Hello all - I've reached the end of my ability and knowledge, and am finally asking for help.  Problem presented yesterday, and joy of joys my license exam was today.  That ship has already sailed.

Bike is a 2001 GS500
Symptoms:
Very hard starting - only with heavy application of throttle and won't hold an idle, choked or not
Sounds very very rough

What I've done:
*Checked the plugs.  Heavy carbon deposits, reek of fuel.  Cleaned them, no change.  Replaced them (OEM NGK's), no change.

*First thought was the coils.  Tested them both - primary resistance 5-6 OHM, secondary resistance 25k-28k OHM.  This looks like it's in range.  Tested the +12v terminal, its seeing 12.5V give or take.  Signal must be good, since I get weak spark, not NO spark.

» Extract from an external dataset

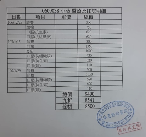 2017年12月時因小葵呼吸聲很大,帶她至醫院看診,拍胸腔x光片發現肺部有輕微發炎,除了需要服用藥物,還要每天做兩次的氣霧治療,並持續回診檢查治療情況,請大家幫忙小葵的醫療費用。

*Pulled the plugs to visually check spark, at beginning of troubleshooting it was too weak to see in direct light, and barely there inside the garage.  After all the troubleshooting, I now get a very weak orange spark.

*Charged the battery, tested at 12V.  Even ran the bike off my car battery, no change.  It cranks the starter just fine, just no good spark.  Voltage increases when the bike is running so I figure the charging system is OK, though the battery was low after having sat only several days...  Maybe there's a clue here??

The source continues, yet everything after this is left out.